====== Listed records ======

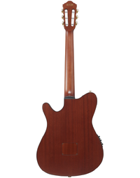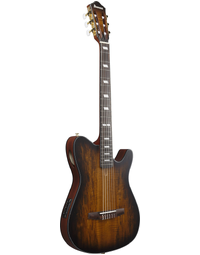 The Ibanez FRH20SMN TCL Nylon String Acoustic Guitar delivers a fresh take on classical-inspired design with modern playability. Its Spalted Maple top provides striking visual character while contributing to a bright, articulate tonal response. Sapele back and sides add warmth and depth, while the Nyatoh neck and Rosewood fretboard ensure smooth playability with a well-balanced tone. A slim 46mm nut width and 400mm radius make this model more approachable for players used to steel-string or electric guitars. Fan bracing enhances resonance, while the modified FR hollow body helps reduce feedback for stage use. Equipped with an Ibanez Undersaddle pickup and AEQ210T preamp with onboard tuner, it’s ready for both studio and live performance. The side sound port brings the acoustic tone directly to the player, and the Tobacco Burst Low Gloss finish completes its refined look. At Riffs & Licks Music, we think this guitar is ideal for players seeking a nylon-string that blends classical warmth with modern versatility.
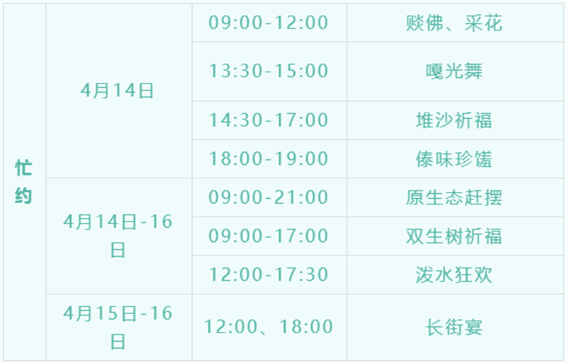 内 容:竖“赏建”、祈福活动、嘎伴光联欢、泼水狂欢
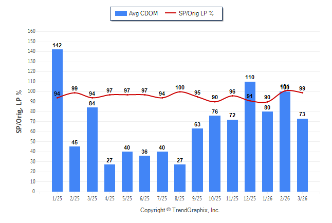 March 2026 Average Continuous Days on Market trend Remains Steady and Sold/Original List Price Ratio Remains Steady**
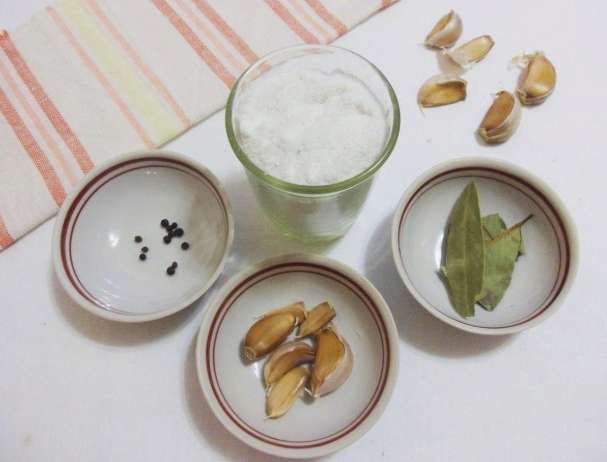 - Laten we eerst de pekel voorbereiden. Om dit te doen, kook water met zout en kruiden (behalve knoflook) gedurende 10-15 minuten. Haal van het vuur en laat afkoelen tot kamertemperatuur.
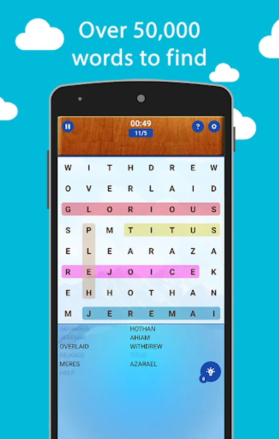 Bible Word Search! 50,000+ Bible Words in 14 languages. Find Biblical words and beat others high scores on the leader-boards.
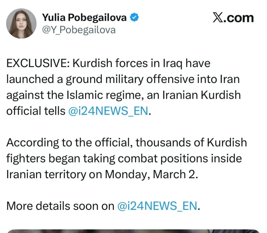Израильская журналистка Юлия Побегайлова сообщила о начале наступления курдских сил Ирака на Иран.
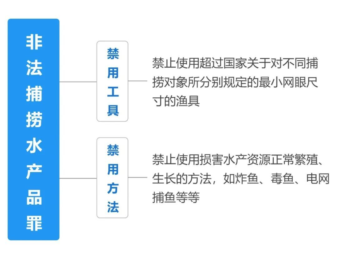 《刑法》第三百四十条 违反保护水产资源法规,在禁渔区、禁渔期或者使用禁用的工具、方法捕捞水产品,情节严重的,处三年以下有期徒刑、拘役、管制或者罚金。
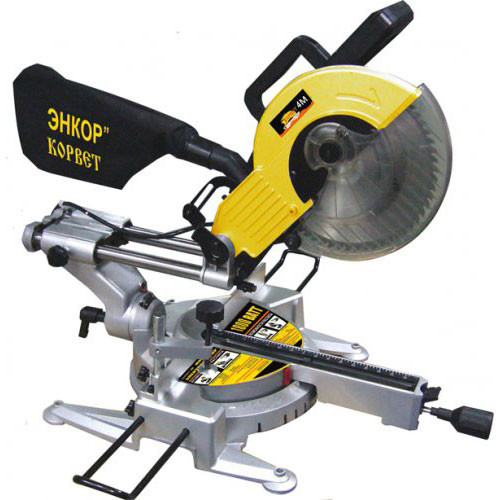 Торцовочная пила Энкор Корвет предназначена для распила жесткой и мягкой древесины, а также других материалов (ламината, пластика, алюминиевого профиля и других подобных материалов) при наличии специальной оснастки. Инструмент имеет небольшой вес и габариты. При помощи пилы можно выполнять пиление под прямым, косым углом и под наклоном,. Мощность двигателя составляет 1800 Вт, а диаметр пильного диска - 255 мм.
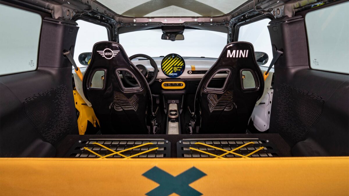 The Skeg是一台以衝浪文化為靈感的Mini JCW Electric,車身以鮮明的黃銀雙色呈現,半透明玻璃纖維外板成功減輕15%重量,同時強化空氣力學,最引人注目的設計是「Flex Tip Surf」後擾流翼,模仿衝浪板弧面,讓空氣流動轉化為下壓力。
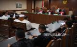 REPUBLIKA.CO.ID, JAKARTA -- Terdakwa kasus dugaan korupsi pembangunan Gereja Kingmi Mile 32 di Mimika, Papua, Budiyanto Wijaya, Totok Suharto, Arif Yahya dan Gustaf Urbanus Patandianan mengikuti sidang pembacaan tuntutan di Pengadilan Tipikor, Jakarta, Rabu (15/5/2024).
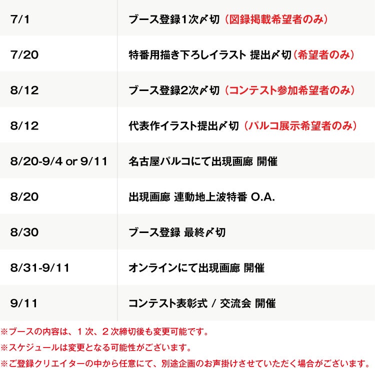出展登録後のスケジュール
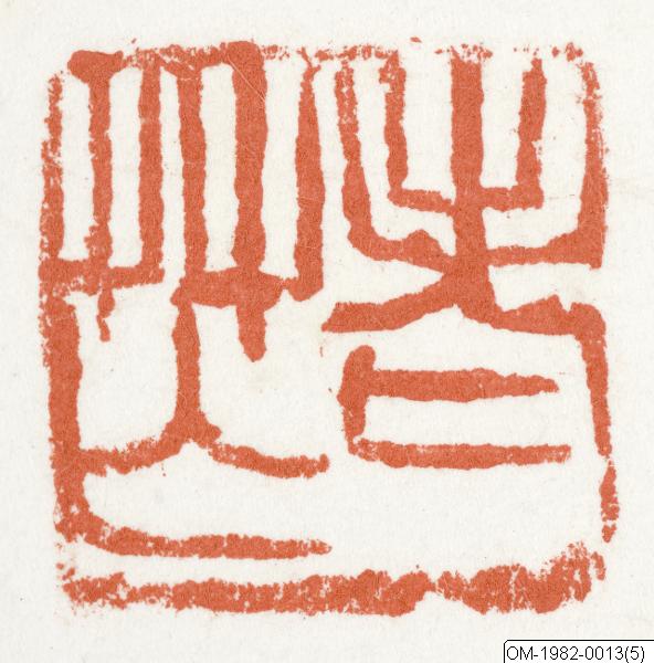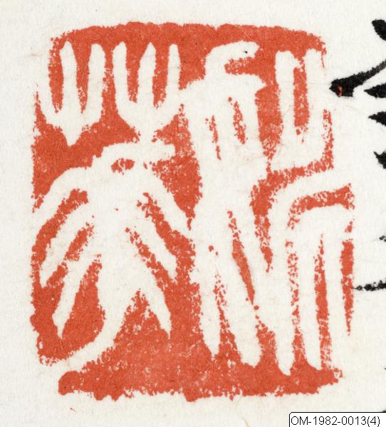 Efter inskr.: 1) Yao Hua (fyrkantigt, intaglio) 2) Laomang (fyrkantigt, relief)
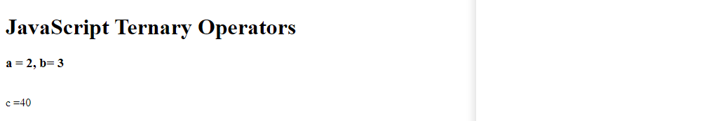 document.write("<h1> JavaScript Ternary Operators</h1>");
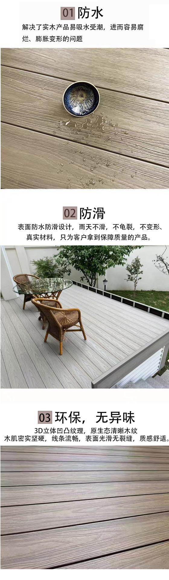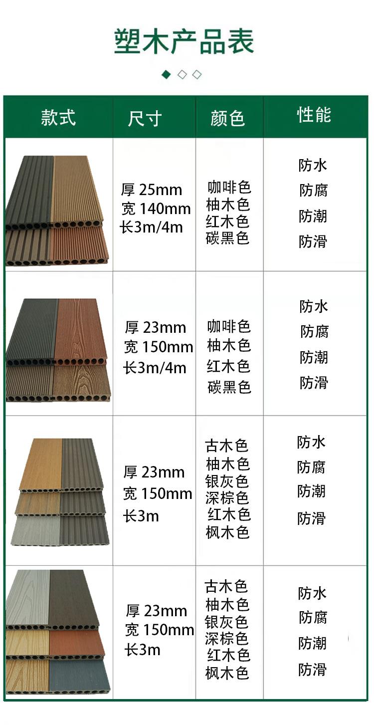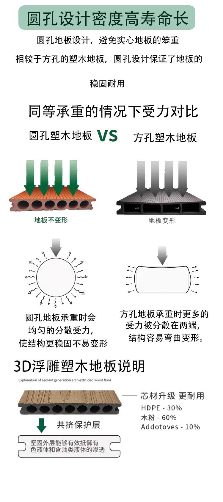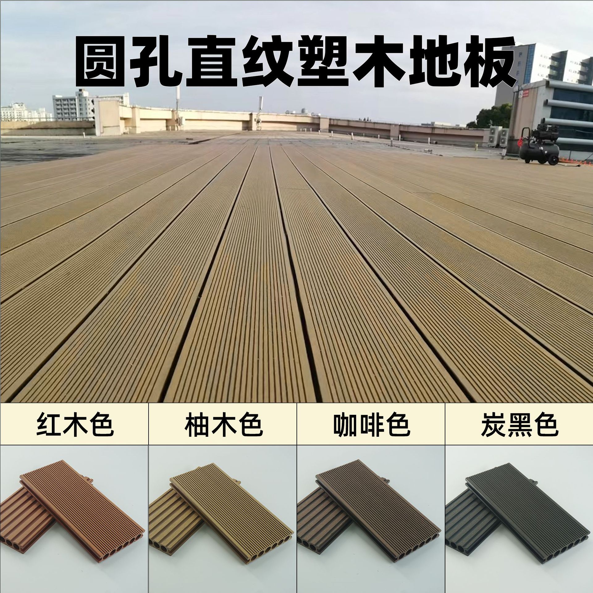 Piso de Madera Plástica de Grano Recto con Agujero Redondo de Fábrica para Exterior, Piso de Madera Plástica para Patio, Decking de Madera para Patio, Piso de Madera Plástica WPC Transfronterizo
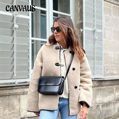 Women's Fashion Winter Coats Double Sided Plush Water Ripple Button Cardigan Pocket Lapel Casual Tops Jacket for Women
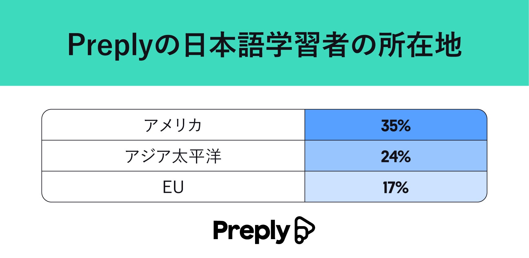 Preply(プレプリー)を使って日本語を勉強している学習者について調査したところ、日本語学習者の35%はアメリカ、24%はアジア太平洋地域、17%はEUにいることがわかりました。また、オランダやフランス、ポーランドなどのEU諸国、シンガポール、韓国、タイなどのアジア諸国では、日本語を学ぶ人が増えている傾向にあります。
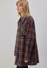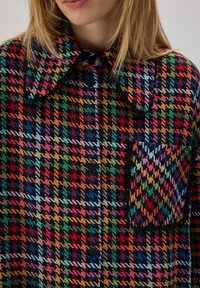 Νεαρή γυναίκα με ξανθά μαλλιά, φορούσα πολύχρωμο υπερμεγέθες πουκάμισο με καρό σχέδιο, μεγάλο γιακά και μπροστινή τσέπη, στέκεται μπροστά σε απλό φόντο.
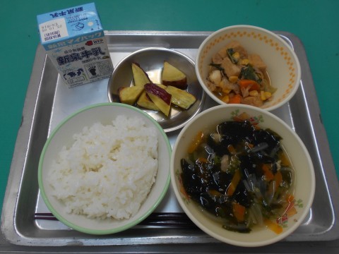 「ぎゅうにゅう,ごはん,わかめスープ,厚揚げの中華煮,焼き大学いも」でした。さつまいもは,江戸時代に薩摩(さつま:現在の鹿児島県)に伝えられたので「さつまいも」と呼ばれるようになりました。かぜをひきにくくしてくれるビタミンCや食物せんいがたくさん入っています。
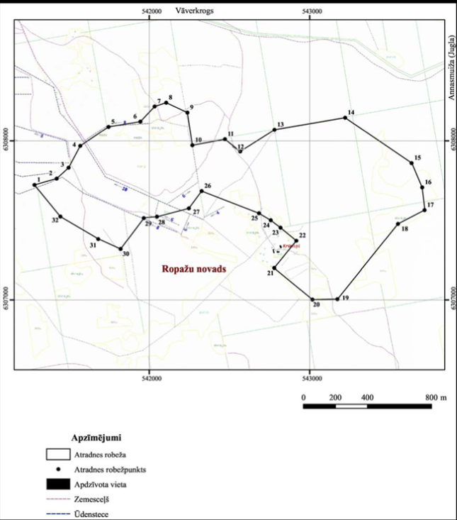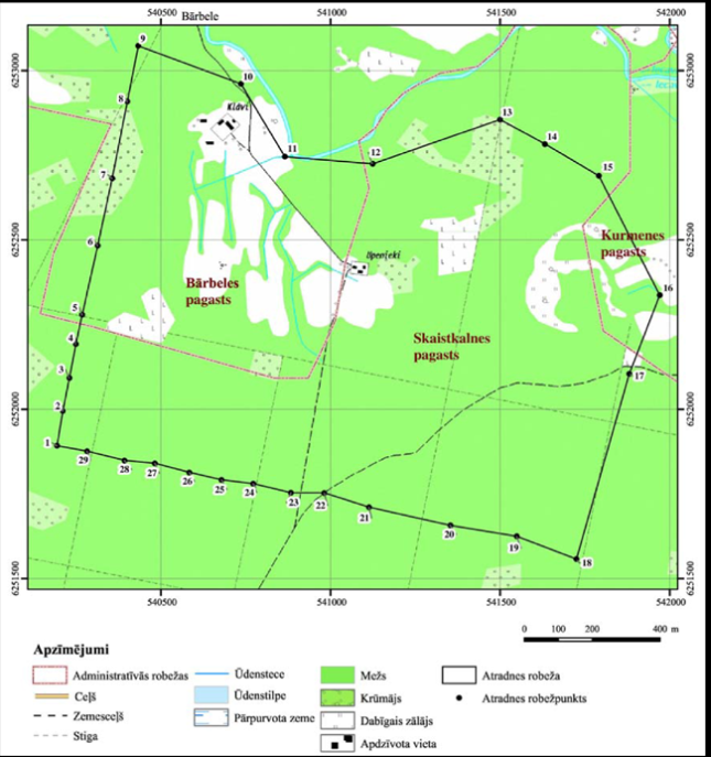 II. Valsts nozīmes dolomīta atradnes "Turkalne" robežpunktu koordinātas Nr. p.k. | Robežpunkts | X koordināta | Y koordināta | 1. | 1 | 307722,83 | 541283,20 | 2. | 2 | 307763,01 | 541422,00 | 3. | 3 | 307830,76 | 541496,26 | 4. | 4 | 307968,72 | 541569,22 | 5. | 5 | 308088,33 | 541745,71 | 6. | 6 | 308121,49 | 541944,72 | 7. | 7 | 308216,67 | 542033,54 | 8. | 8 | 308240,62 | 542105,40 | 9. | 9 | 308178,62 | 542237,71 | 10. | 10 | 307972,33 | 542269,03 | 11. | 11 | 308010,29 | 542472,10 | 12. | 12 | 307933,63 | 542567,55 | 13. | 13 | 308069,99 | 542781,30 | 14. | 14 | 308146,19 | 543221,15 | 15. | 15 | 307860,13 | 543636,27 | 16. | 16 | 307707,17 | 543702,64 | 17. | 17 | 307564,15 | 543717,04 | 18. | 18 | 307477,84 | 543551,37 | 19. | 19 | 307004,74 | 543173,40 | 20. | 20 | 307002,25 | 543018,09 | 21. | 21 | 307200,16 | 542779,87 | 22. | 22 | 307371,53 | 542917,96 | 23. | 23 | 307453,54 | 542818,95 | 24. | 24 | 307500,69 | 542758,27 | 25. | 25 | 307544,92 | 542684,56 | 26. | 26 | 307684,13 | 542326,53 | 27. | 27 | 307575,32 | 542246,55 | 28. | 28 | 307523,17 | 542047,68 | 29. | 29 | 307514,06 | 541965,61 | 30. | 30 | 307319,28 | 541821,26 | 31. | 31 | 307381,70 | 541680,95 | 32. | 32 | 307523,70 | 541444,67 |
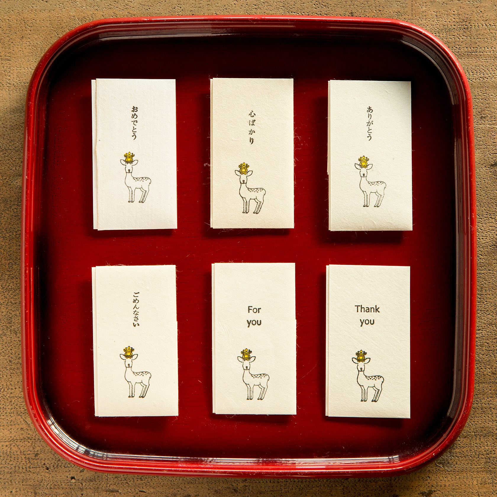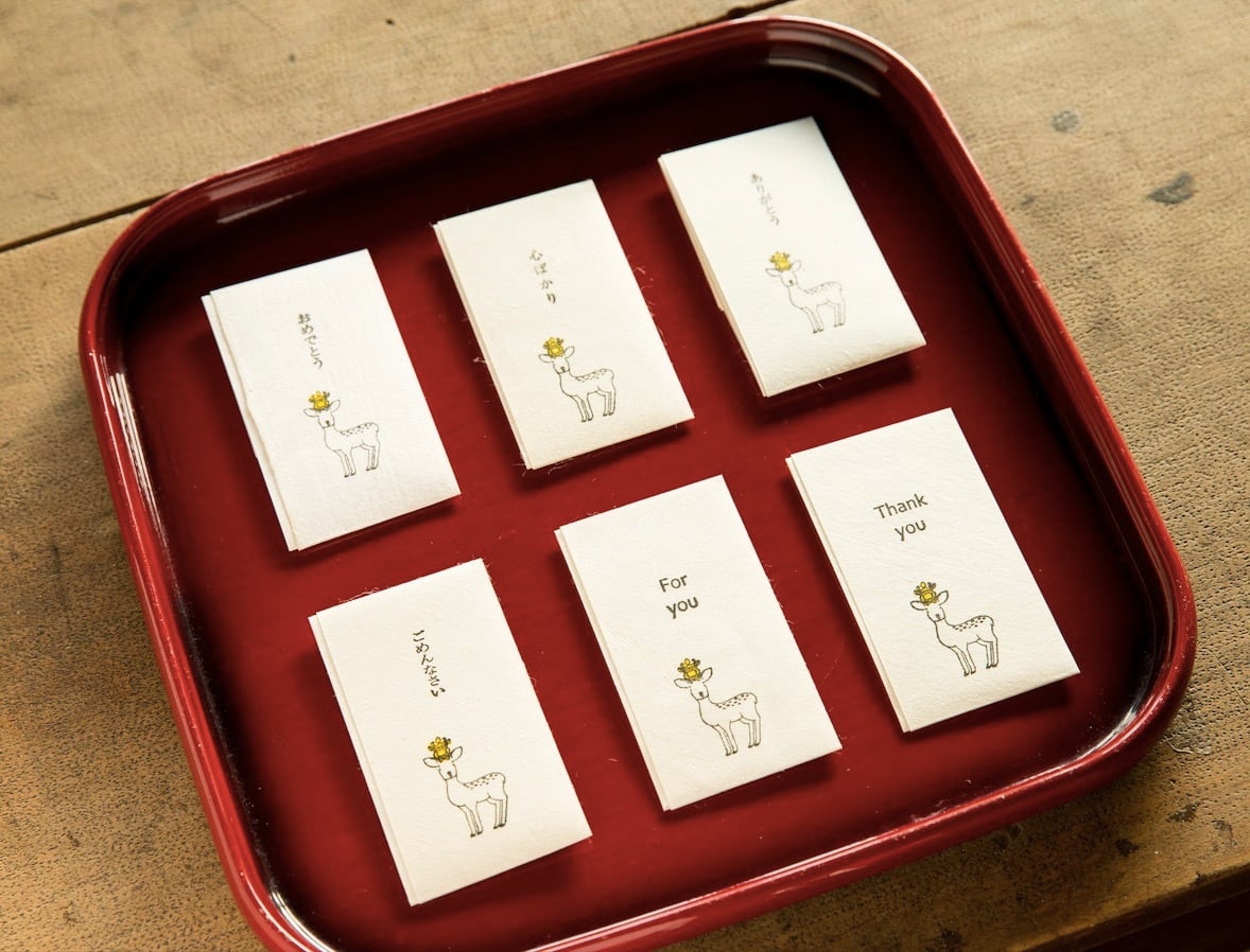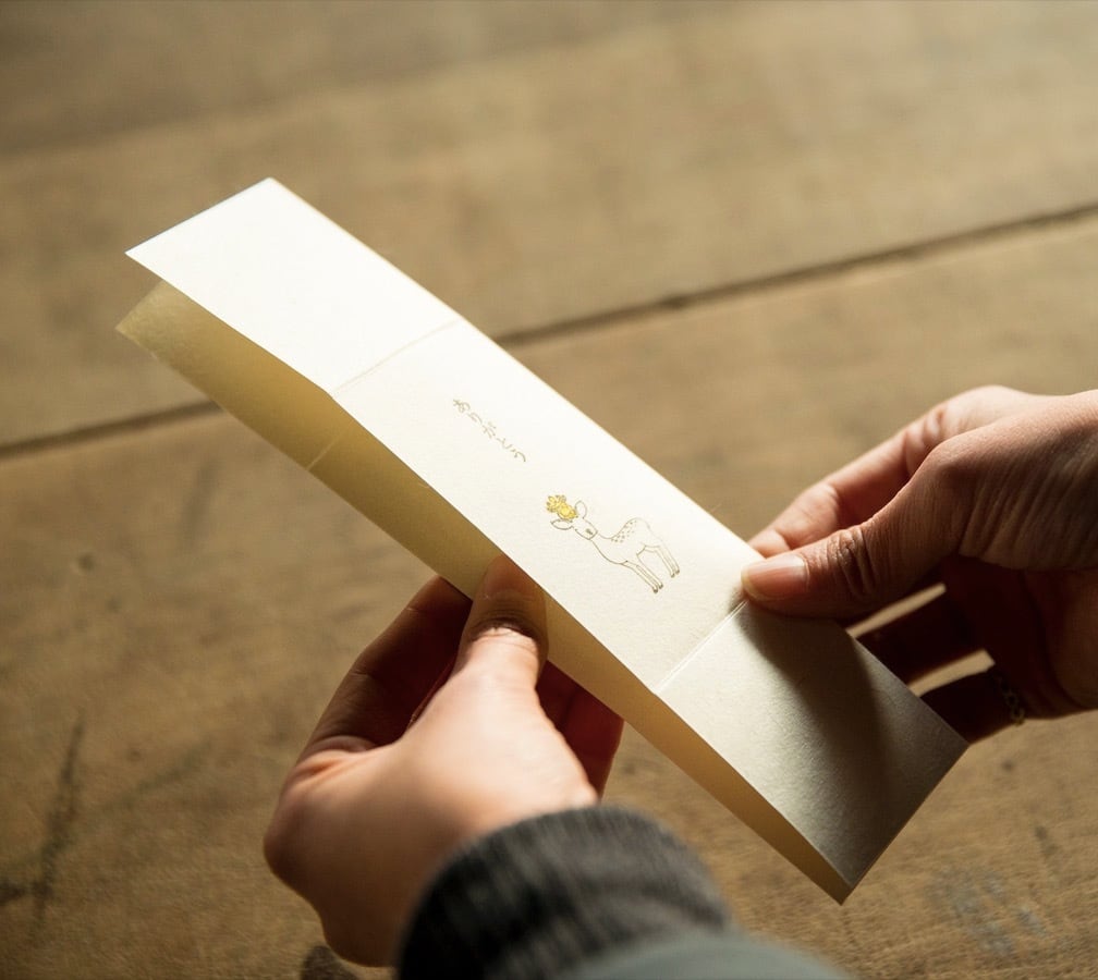 ご祝儀袋のように包むタイプのぽち袋で、鹿が金灯籠を頭にのせたデザインです。
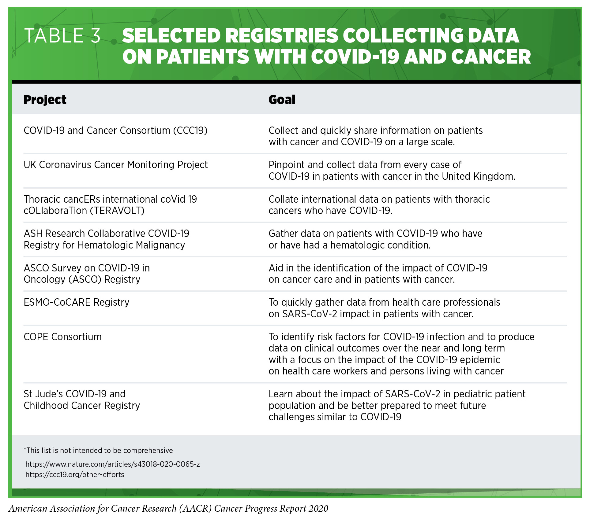 In addition, cancer researchers around the world are working together to leverage their experience to accelerate SARS-CoV-2 vaccine and therapeutic development, and to repurpose treatments used in cancer care for the benefit of patients with COVID-19. An area in which cancer researchers have vast expertise is the collection and sharing of “big data.” This expertise is being harnessed to better understand the effect of COVID-19 on patients with cancer. The goal is to obtain clinical and other patient-related information on a large enough scale to answer questions about the epidemiology of COVID-19 among patients with cancer as well as clinical data on the effectiveness of COVID-19 diagnostics, vaccines, and treatments in these patients. Several cancer organizations as well as multi-institutional teams have already launched initiatives to catalyze data sharing (see Table 3).
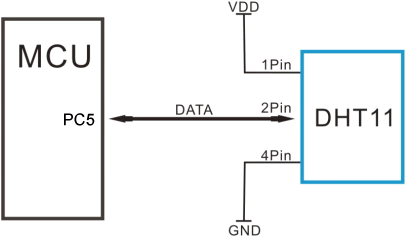 Не так давно, наткнулся на цифровой датчик влажности и температуры DHT11 (описание DHT11.pdf, DHT11_a.pdf). Когда то купил, да так и никуда и не пристроил. Решил проверить работу этого датчика. Подключил его к тестовой плате, подключил символьный дисплей. Передача данных выполняется по единственному проводу. Датчик имеет 4 вывода, но задействовано только 3. Схема подключения датчика:

======

Please transcribe exactly the part of the records that opens with the line containing "Women's Fashion Winter" and closes with the line containing "Νεαρή γυναίκα με", both ends included, and leave out the pictures.

 Women's Fashion Winter Coats Double Sided Plush Water Ripple Button Cardigan Pocket Lapel Casual Tops Jacket for Women
 Preply(プレプリー)を使って日本語を勉強している学習者について調査したところ、日本語学習者の35%はアメリカ、24%はアジア太平洋地域、17%はEUにいることがわかりました。また、オランダやフランス、ポーランドなどのEU諸国、シンガポール、韓国、タイなどのアジア諸国では、日本語を学ぶ人が増えている傾向にあります。
 Νεαρή γυναίκα με ξανθά μαλλιά, φορούσα πολύχρωμο υπερμεγέθες πουκάμισο με καρό σχέδιο, μεγάλο γιακά και μπροστινή τσέπη, στέκεται μπροστά σε απλό φόντο.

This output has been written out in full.